◆ **What to do**
Once the pictures are set aside, repeat all of the data below exactly.

Excerpts from a dataset:
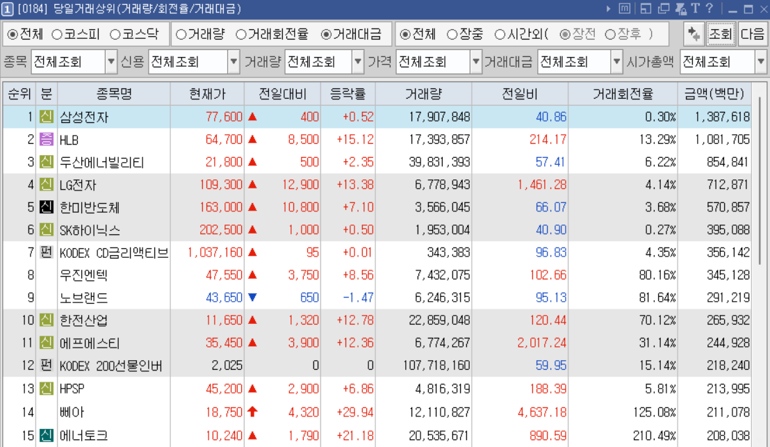 오늘 거래대금 상위 종목을 보시면 반도체 섹터와 원전관련주 화장품이 보이고 최근 신규상장주인 노브랜드 종목이 보입니다. 이종목은 연속하락에 따른 반등이 나왔지만 결국 하락 마감을 했습니다.
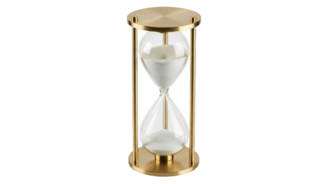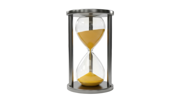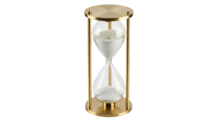 Elegant hourglass with golden sand isolated PNG, time management concept for deadlines and productivity on transparent background
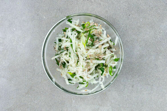 Den Kohlrabi schälen und mit einer Küchenreibe grob raspeln. Die übrigen Lauchzwiebeln, die Petersilie, die Sonnenblumenkerne, den restlichen Zitronensaft, 2EL Olivenöl und 1EL Einlegflüssigkeit von den Zwiebeln dazugeben und alles gut vermengen. Den Salat gut mit Salz und Pfeffer abschmecken.
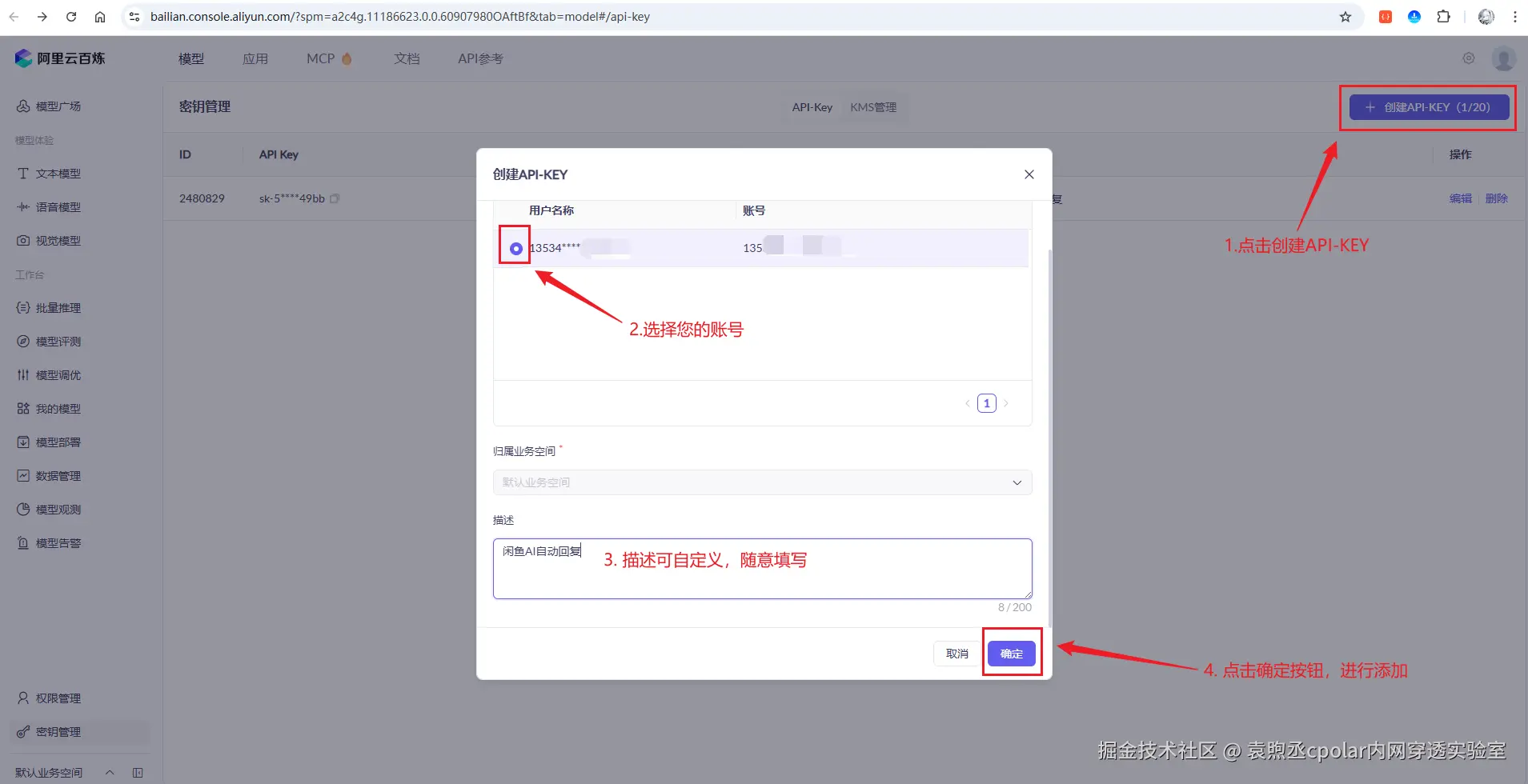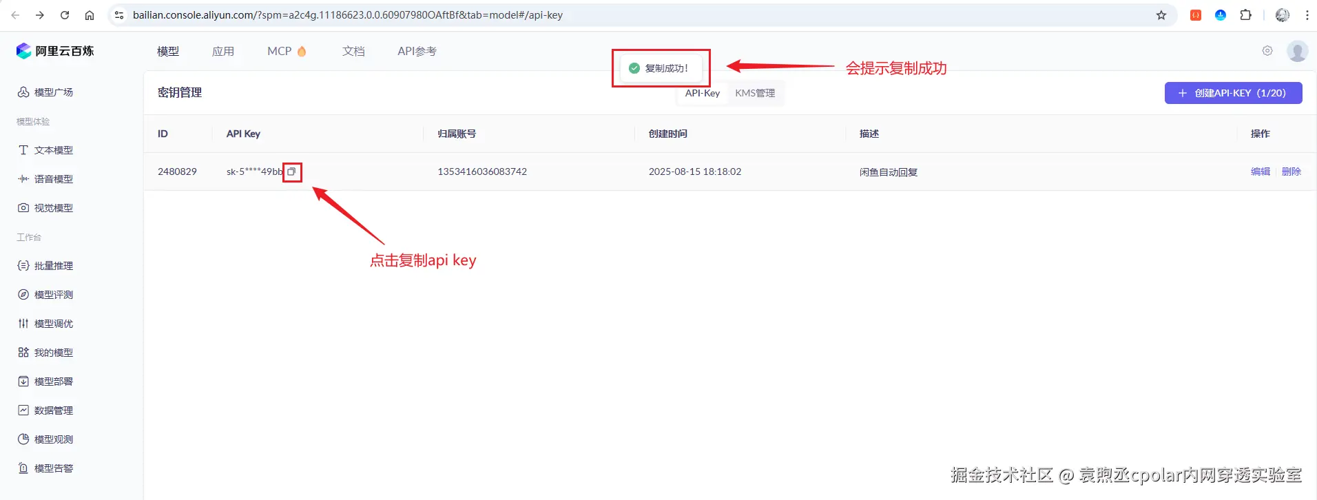 领取完成后,接下来进入密钥管理,设置设置千问api密钥: 密钥管理地址:
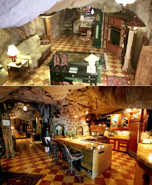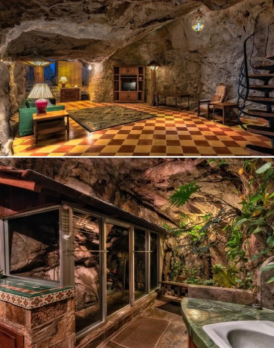 Странный, но довольно колоритный дом может похвастаться довольно просторными комнатами, а их на 250 «квадратах» удалось обустроить немало. Гостиная, кабинет, кухня, столовая с винтовой лестницей, ведущей в спальню на втором ярусе, еще три спальни на нижнем уровне, четыре ванные комнаты, прачечная, уединенные зоны отдыха как в самом пещерном доме, так и перед входом (с фантастическими природными горячими источниками, где организовали бассейны и ванны) – всего этого оказалось вполне достаточно для незабываемого отдыха большой семьи и их друзей.
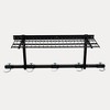 Organize up to five bikes with perfectly sized spacing using our adjustable storage solution. If your bike has oversized handlebars and needs a bit more room, simply move the attachment over to accommodate it. The protective, non-marking coatings on the hooks ensure a secure grip on your bike's tires while keeping your gear protected from scratches and damage. This versatile rack is designed to fit road, mountain, and kid bikes, allowing you to easily store a variety of bikes in one place. The attachment positions can be adjusted effortlessly with a quick pull, utilizing a secure 3D pin locking system. With a weight capacity of up to 300 lbs, this storage solution measures 46" L x 13.75" W x 16" H, making it a practical and efficient addition to any garage or storage area.
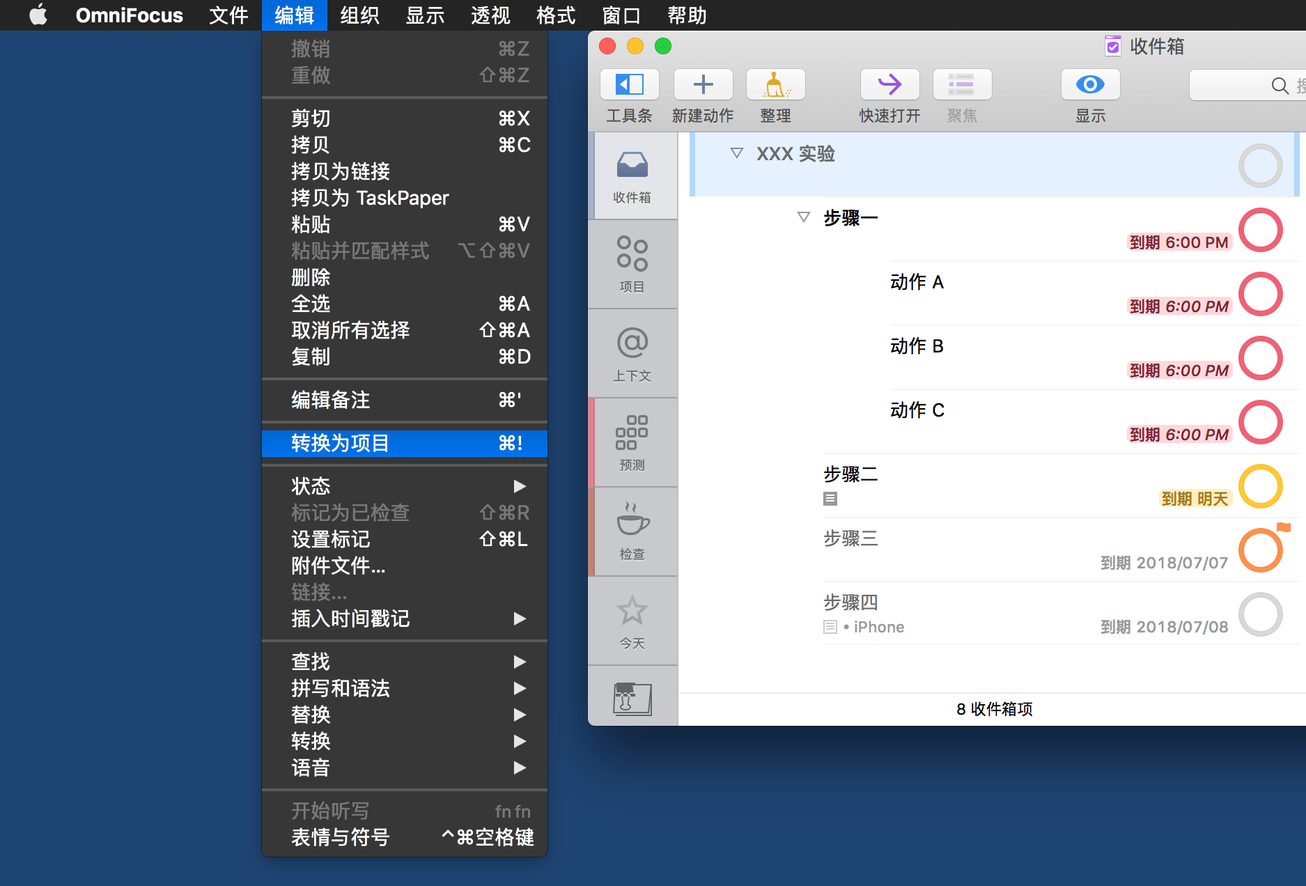 如果你将这段文本直接粘贴到 OmniFocus 的收件箱中,会发现第一行的「XXX 实验」会变成一项普通的任务,而不是项目。此时你只需要选中任务,然后在菜单栏里选择「编辑 - 转换为项目」就可以把任务变成项目了(iOS 的转换按钮在「任务检查器」的底部)。
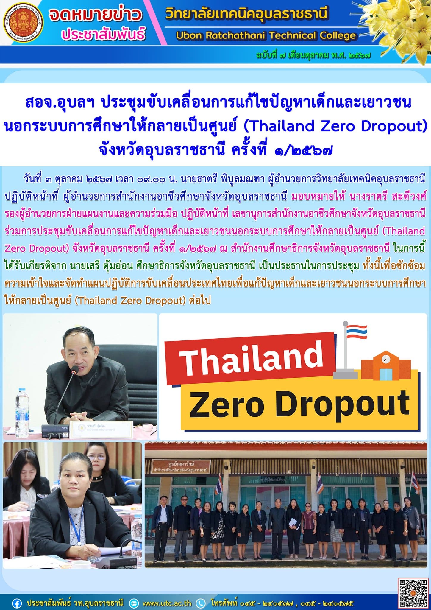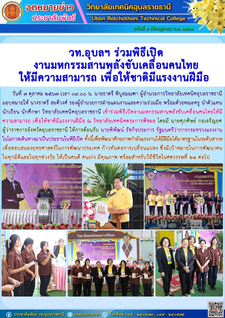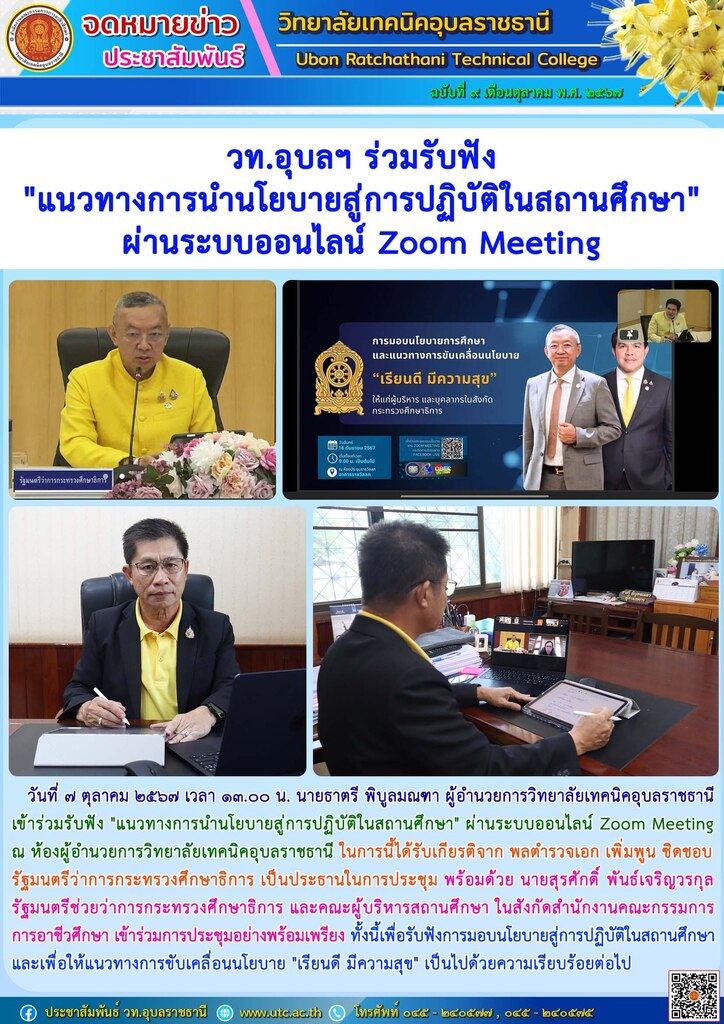 วันที่ ๗ ตุลาคม ๒๕๖๗ เวลา ๑๓.๐๐ น. นายธาตรี พิบูลมณฑา ผู้อำนวยการวิทยาลัยเทคนิคอุบลราชธานี เข้าร่วมรับฟัง “แนวทางการนำนโยบาย (เพิ่มเติม…)
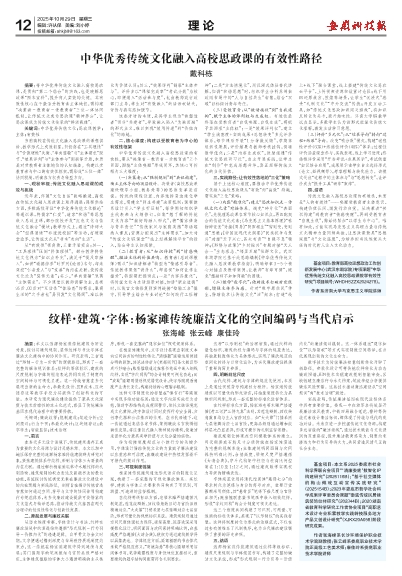 摘要:本文以涟源杨家滩传统建筑为研究对象,探讨其建筑规制、装饰纹样与书法字体在廉洁文化建构中的协同作用。研究表明,三者通过“形制-行为-价值”的逻辑路径,形成了一套完整的廉洁规训体系:纹样的等级标识、建筑的尺度规制与字体的规范表达共同实现了制度的空间转译与可视化呈现。这一传统智慧在当代展现出新的生命力,参数化设计、BIM技术、区块链存证等数字手段为其提供了创新转化的可能。本研究为现代廉政建设提供了兼具文化深度与技术前瞻性的本土化范式,彰显了传统廉洁基因在现代治理中的重要价值。
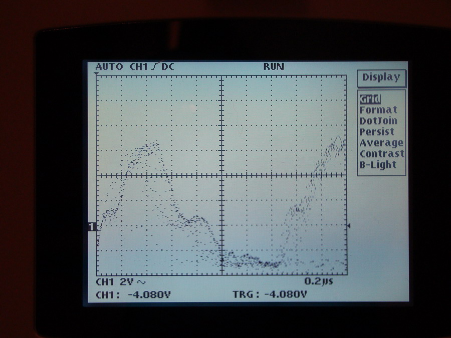 Вот фотки с осцилографа: сначала две осцилограммы на 11 и 14 ногах SG3525 без нагрузки, потом тоже самое - под нагрузкой (резистор 4,5 Ома)
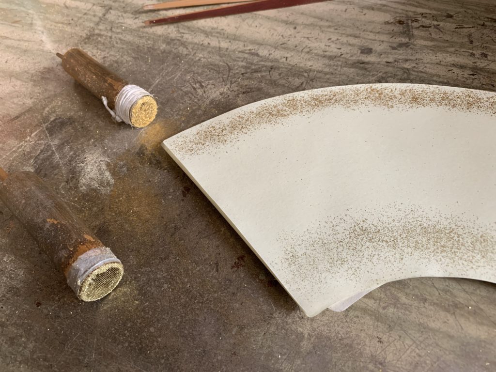 これらを網を張った筒に入れ、砂子にすることで、扇子の柄となります。

◆ **Written solution**
 오늘 거래대금 상위 종목을 보시면 반도체 섹터와 원전관련주 화장품이 보이고 최근 신규상장주인 노브랜드 종목이 보입니다. 이종목은 연속하락에 따른 반등이 나왔지만 결국 하락 마감을 했습니다.
 Elegant hourglass with golden sand isolated PNG, time management concept for deadlines and productivity on transparent background
 Den Kohlrabi schälen und mit einer Küchenreibe grob raspeln. Die übrigen Lauchzwiebeln, die Petersilie, die Sonnenblumenkerne, den restlichen Zitronensaft, 2EL Olivenöl und 1EL Einlegflüssigkeit von den Zwiebeln dazugeben und alles gut vermengen. Den Salat gut mit Salz und Pfeffer abschmecken.
 领取完成后,接下来进入密钥管理,设置设置千问api密钥: 密钥管理地址:
 Странный, но довольно колоритный дом может похвастаться довольно просторными комнатами, а их на 250 «квадратах» удалось обустроить немало. Гостиная, кабинет, кухня, столовая с винтовой лестницей, ведущей в спальню на втором ярусе, еще три спальни на нижнем уровне, четыре ванные комнаты, прачечная, уединенные зоны отдыха как в самом пещерном доме, так и перед входом (с фантастическими природными горячими источниками, где организовали бассейны и ванны) – всего этого оказалось вполне достаточно для незабываемого отдыха большой семьи и их друзей.
 Organize up to five bikes with perfectly sized spacing using our adjustable storage solution. If your bike has oversized handlebars and needs a bit more room, simply move the attachment over to accommodate it. The protective, non-marking coatings on the hooks ensure a secure grip on your bike's tires while keeping your gear protected from scratches and damage. This versatile rack is designed to fit road, mountain, and kid bikes, allowing you to easily store a variety of bikes in one place. The attachment positions can be adjusted effortlessly with a quick pull, utilizing a secure 3D pin locking system. With a weight capacity of up to 300 lbs, this storage solution measures 46" L x 13.75" W x 16" H, making it a practical and efficient addition to any garage or storage area.
 如果你将这段文本直接粘贴到 OmniFocus 的收件箱中,会发现第一行的「XXX 实验」会变成一项普通的任务,而不是项目。此时你只需要选中任务,然后在菜单栏里选择「编辑 - 转换为项目」就可以把任务变成项目了(iOS 的转换按钮在「任务检查器」的底部)。
 วันที่ ๗ ตุลาคม ๒๕๖๗ เวลา ๑๓.๐๐ น. นายธาตรี พิบูลมณฑา ผู้อำนวยการวิทยาลัยเทคนิคอุบลราชธานี เข้าร่วมรับฟัง “แนวทางการนำนโยบาย (เพิ่มเติม…)
 摘要:本文以涟源杨家滩传统建筑为研究对象,探讨其建筑规制、装饰纹样与书法字体在廉洁文化建构中的协同作用。研究表明,三者通过“形制-行为-价值”的逻辑路径,形成了一套完整的廉洁规训体系:纹样的等级标识、建筑的尺度规制与字体的规范表达共同实现了制度的空间转译与可视化呈现。这一传统智慧在当代展现出新的生命力,参数化设计、BIM技术、区块链存证等数字手段为其提供了创新转化的可能。本研究为现代廉政建设提供了兼具文化深度与技术前瞻性的本土化范式,彰显了传统廉洁基因在现代治理中的重要价值。
 Вот фотки с осцилографа: сначала две осцилограммы на 11 и 14 ногах SG3525 без нагрузки, потом тоже самое - под нагрузкой (резистор 4,5 Ома)
 これらを網を張った筒に入れ、砂子にすることで、扇子の柄となります。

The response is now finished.